◆ Exercise data ◆
>>>>
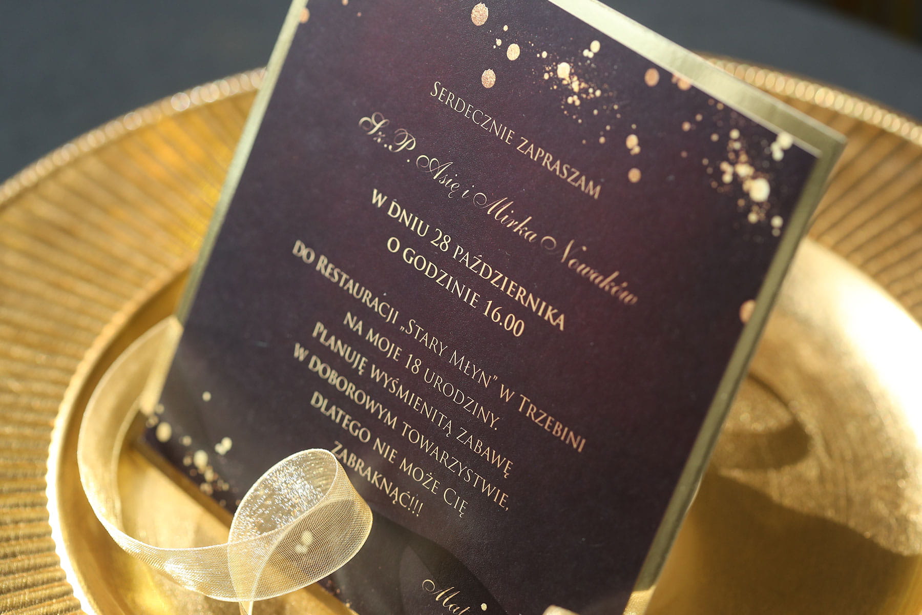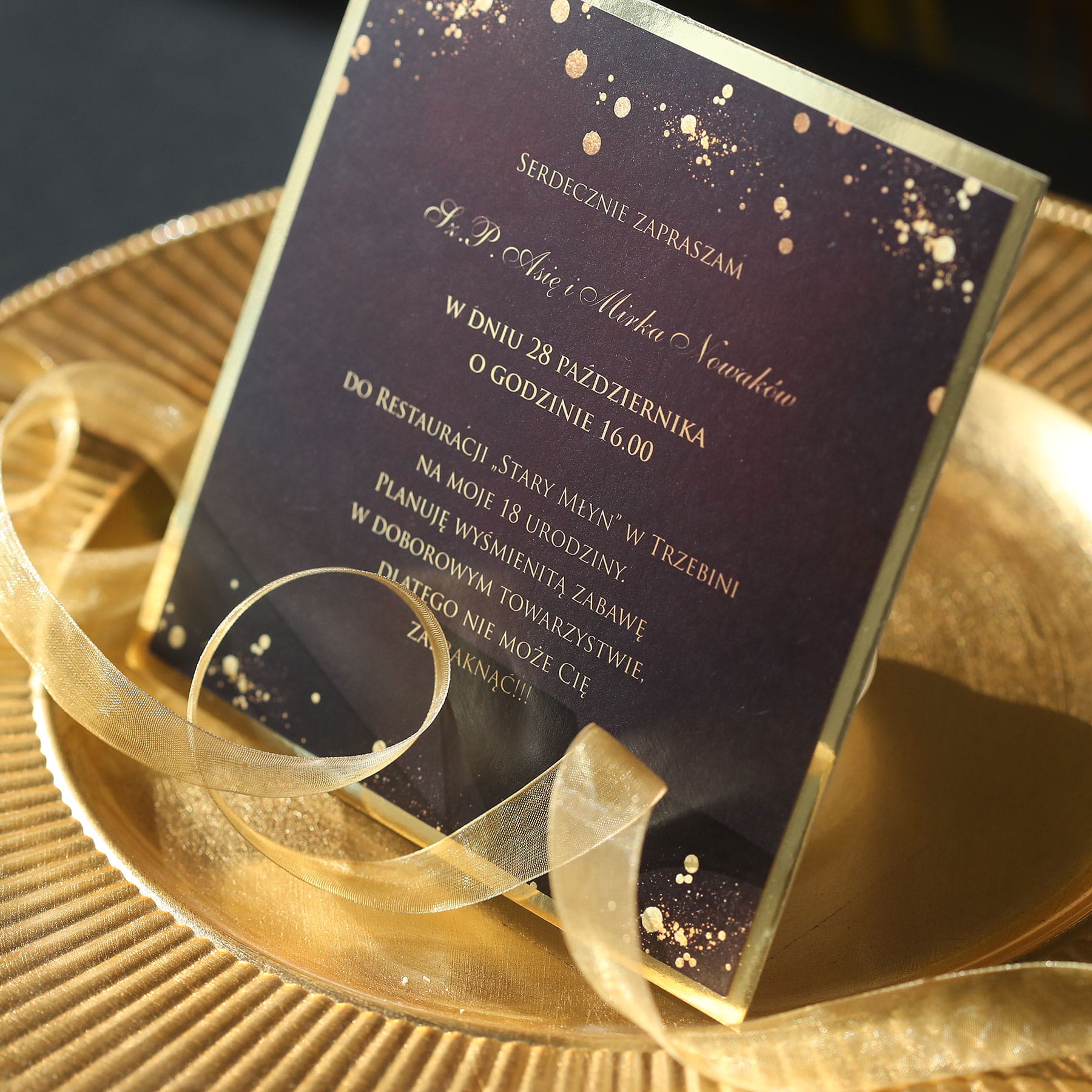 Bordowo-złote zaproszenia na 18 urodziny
<<<<
>>>>
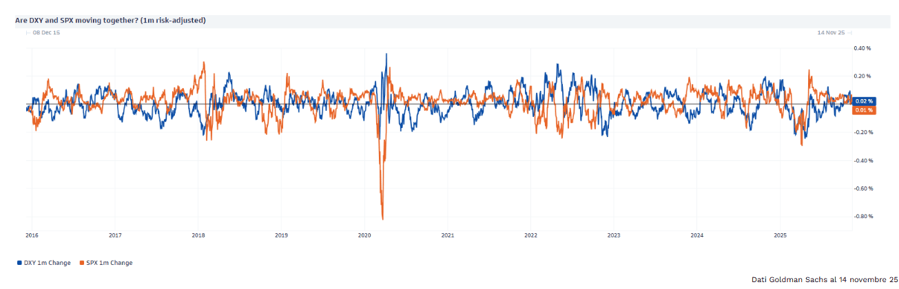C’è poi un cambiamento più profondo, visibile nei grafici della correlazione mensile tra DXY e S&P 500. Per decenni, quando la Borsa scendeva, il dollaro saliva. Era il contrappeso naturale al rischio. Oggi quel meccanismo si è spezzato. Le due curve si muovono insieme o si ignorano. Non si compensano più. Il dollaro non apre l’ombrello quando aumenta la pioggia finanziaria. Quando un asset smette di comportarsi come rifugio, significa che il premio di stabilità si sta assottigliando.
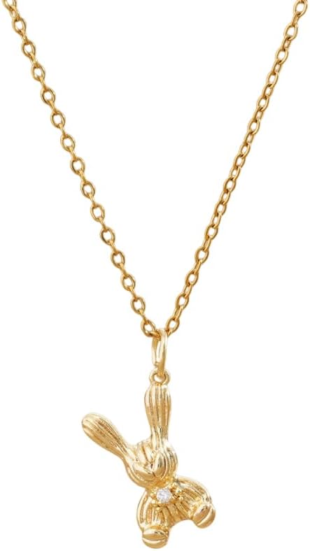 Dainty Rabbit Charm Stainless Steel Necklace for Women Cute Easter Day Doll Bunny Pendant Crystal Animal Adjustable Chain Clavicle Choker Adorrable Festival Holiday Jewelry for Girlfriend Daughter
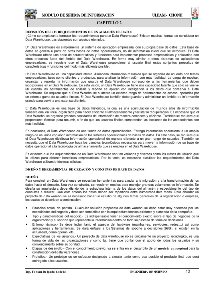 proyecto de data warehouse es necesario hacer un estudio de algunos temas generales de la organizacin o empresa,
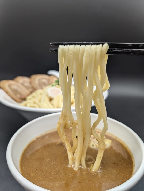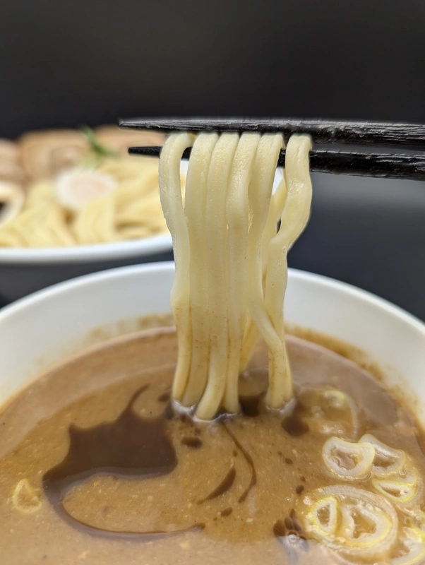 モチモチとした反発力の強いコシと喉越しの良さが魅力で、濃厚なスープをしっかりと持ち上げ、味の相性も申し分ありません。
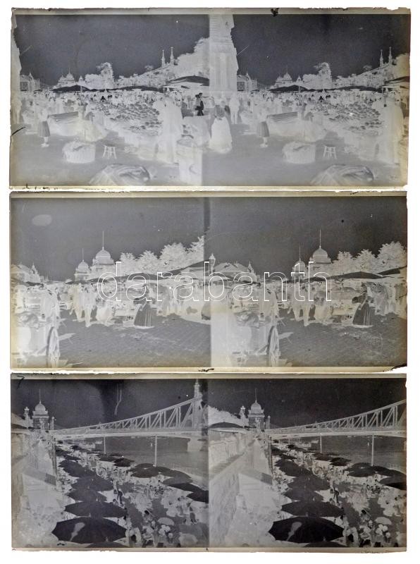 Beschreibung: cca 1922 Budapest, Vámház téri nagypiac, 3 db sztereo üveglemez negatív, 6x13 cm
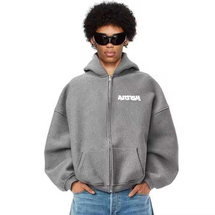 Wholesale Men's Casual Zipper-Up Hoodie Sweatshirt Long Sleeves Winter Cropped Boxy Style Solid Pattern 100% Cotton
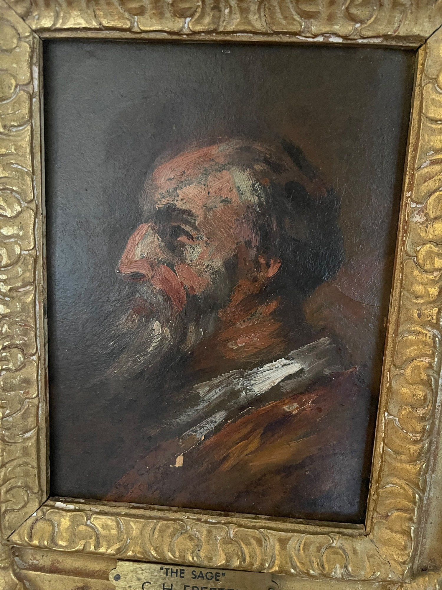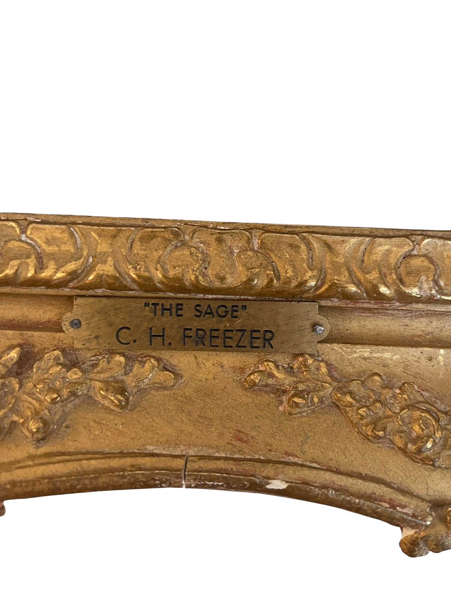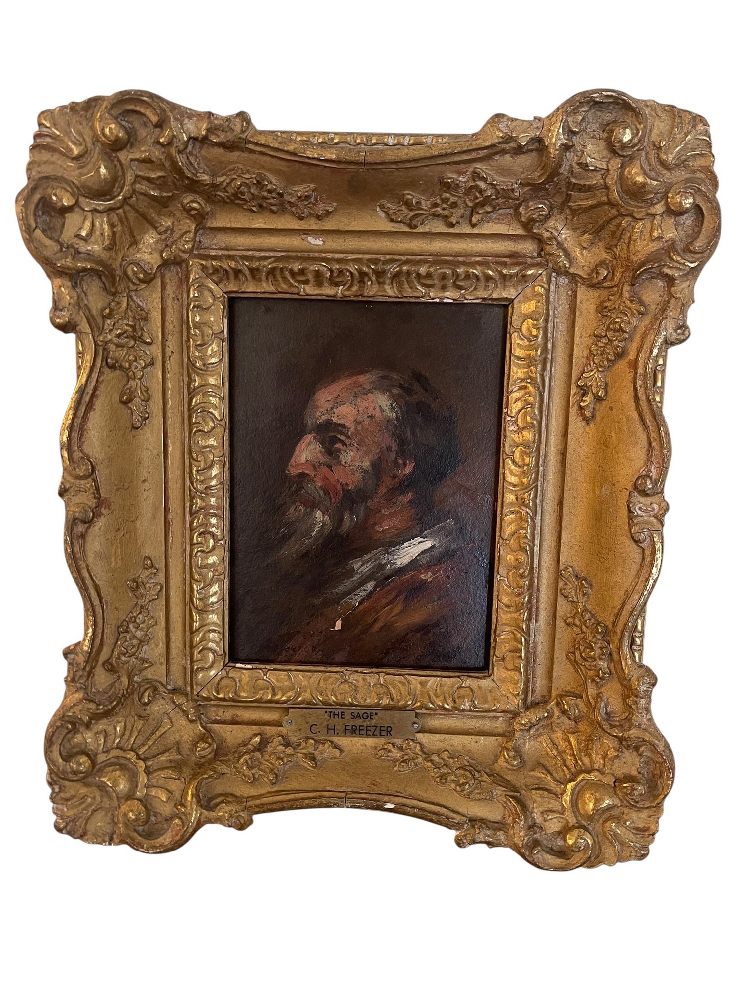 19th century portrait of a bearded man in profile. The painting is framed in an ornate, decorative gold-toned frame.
<<<<
◆ What to work on ◆
Give back exactly the lines above that run from the one with "Dainty Rabbit Charm" to the one with "モチモチとした反発力の強いコ", including both, with the pictures left out.

◆ Finished task ◆
 Dainty Rabbit Charm Stainless Steel Necklace for Women Cute Easter Day Doll Bunny Pendant Crystal Animal Adjustable Chain Clavicle Choker Adorrable Festival Holiday Jewelry for Girlfriend Daughter
 proyecto de data warehouse es necesario hacer un estudio de algunos temas generales de la organizacin o empresa,
 モチモチとした反発力の強いコシと喉越しの良さが魅力で、濃厚なスープをしっかりと持ち上げ、味の相性も申し分ありません。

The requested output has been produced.